A DaemonSet runs one pod per selected node. You use it when the workload is tied to the node itself. For example, an API service should usually run as a Deployment, while a log collector should usually run as a DaemonSet.

DaemonSet vs StatefulSet

A StatefulSet manages pods that need stable identities, ordered rollout, and persistent storage. Databases and distributed systems often use StatefulSets.
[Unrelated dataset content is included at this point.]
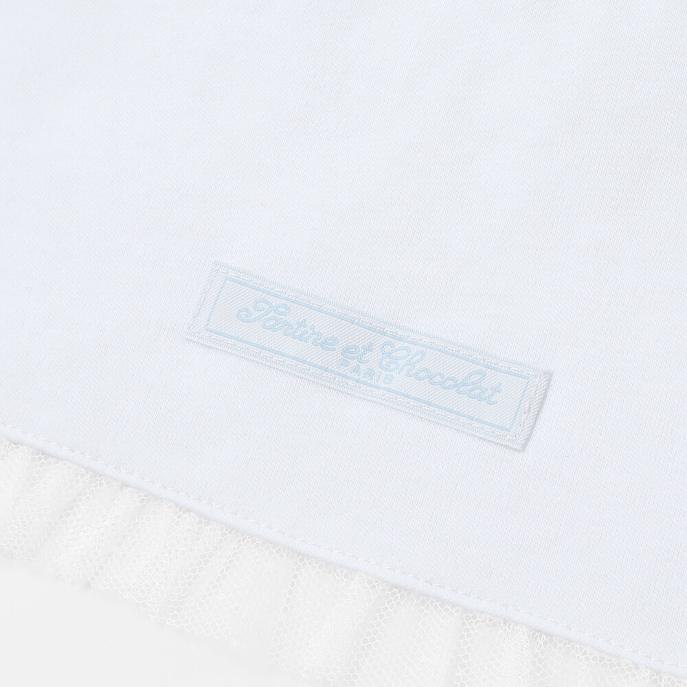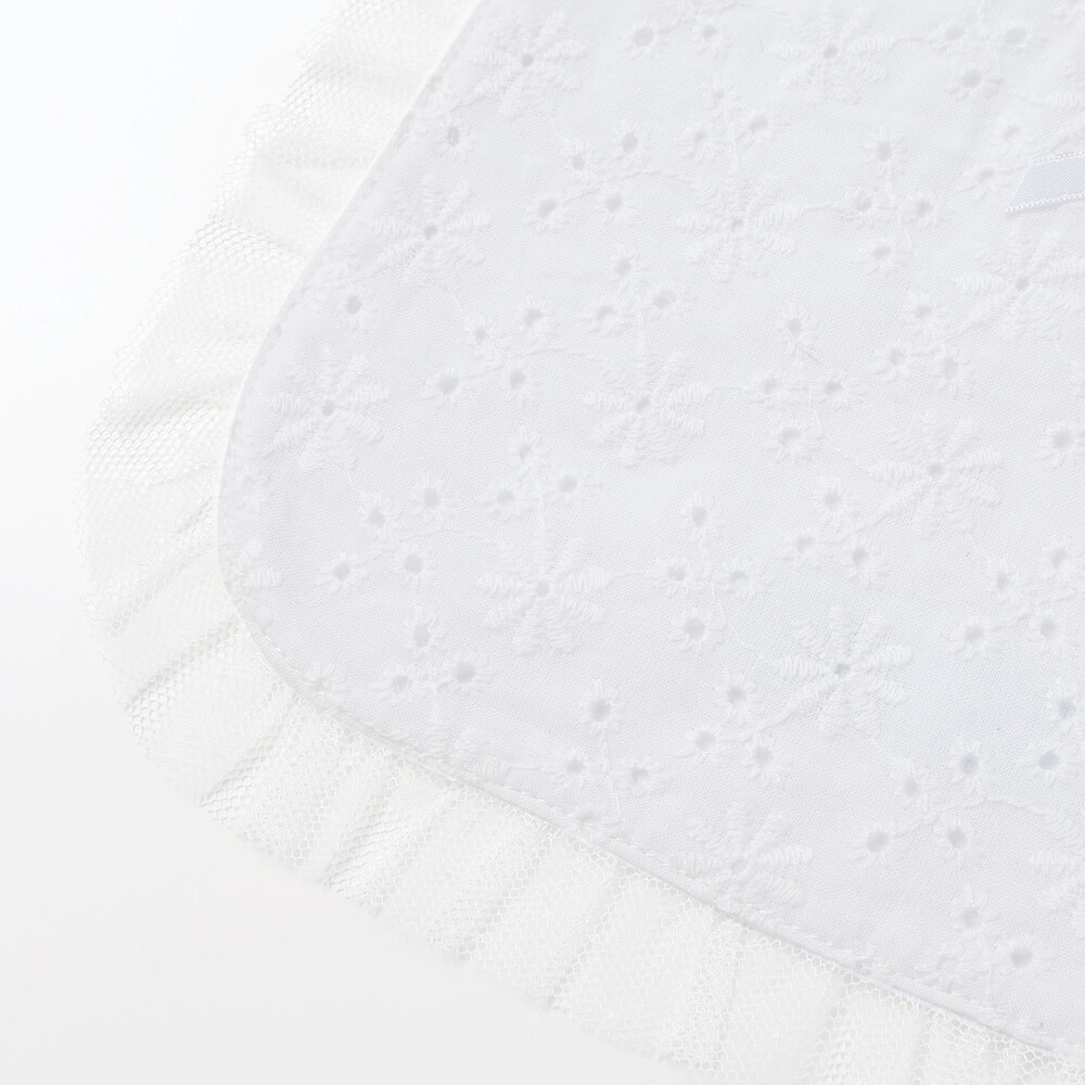 スタイの縁にレースとチュールがあしらわれた品のあるデザインです。

A DaemonSet does not focus on stable pod identity. It focuses on node coverage. If a node exists and matches the rules, the DaemonSet should have a pod there.

Benefits

• Automatic node coverage: New nodes get the required agent without manual work.
• Consistent operations: Every selected node runs the same monitoring, logging, or security component.
• Simple node-level scheduling: You define the rule once, and Kubernetes handles placement.
• Useful for platform teams: Platform and SRE teams can standardize infrastructure agents across many workloads.

Tradeoffs and limitations

• Cluster-wide blast radius: A broken DaemonSet can affect many nodes at once.
• Resource overhead on every node: Even a small agent can add up across large clusters.
• Scheduling complexity: Taints, tolerations, affinity, and node labels can make placement harder to debug.
• Not ideal for normal app scaling: If you need 3, 10, or 50 replicas based on demand, use a Deployment or autoscaling pattern instead.

Simple example

Assume you run a Kubernetes cluster on Amazon EKS and need to collect logs from every worker node. You can deploy Fluent Bit as a DaemonSet. Kubernetes schedules one Fluent Bit pod on each eligible node. Each pod reads logs from that node and forwards them to your logging backend.

If your node group scales from 5 nodes to 8 nodes, Kubernetes creates 3 more Fluent Bit pods automatically. If the cluster scales back down to 4 nodes, Kubernetes removes the DaemonSet pods from the deleted nodes.

Managing DaemonSets

You can create and manage DaemonSets with standard Kubernetes YAML and kubectl. Many teams also manage them through Helm, Kustomize, GitOps tools, or Terraform. If your team manages Kubernetes manifests through infrastructure as code, the same workflow used to deploy Kubernetes resources using Terraform can also manage DaemonSets.

DaemonSets often sit near cluster infrastructure rather than application code. In mature setups, platform teams define baseline DaemonSets for logging, metrics, security, and networking, then application teams deploy their services on top of that foundation.

When to use a DaemonSet

Use a DaemonSet when the workload must run on every selected node and perform node-specific work. Avoid it for ordinary application services, background jobs, or workloads that should scale by replica count rather than node count.

A good rule: if the pod needs access to node logs, node metrics, host paths, local devices, or node-level networking, a DaemonSet may be the right Kubernetes object.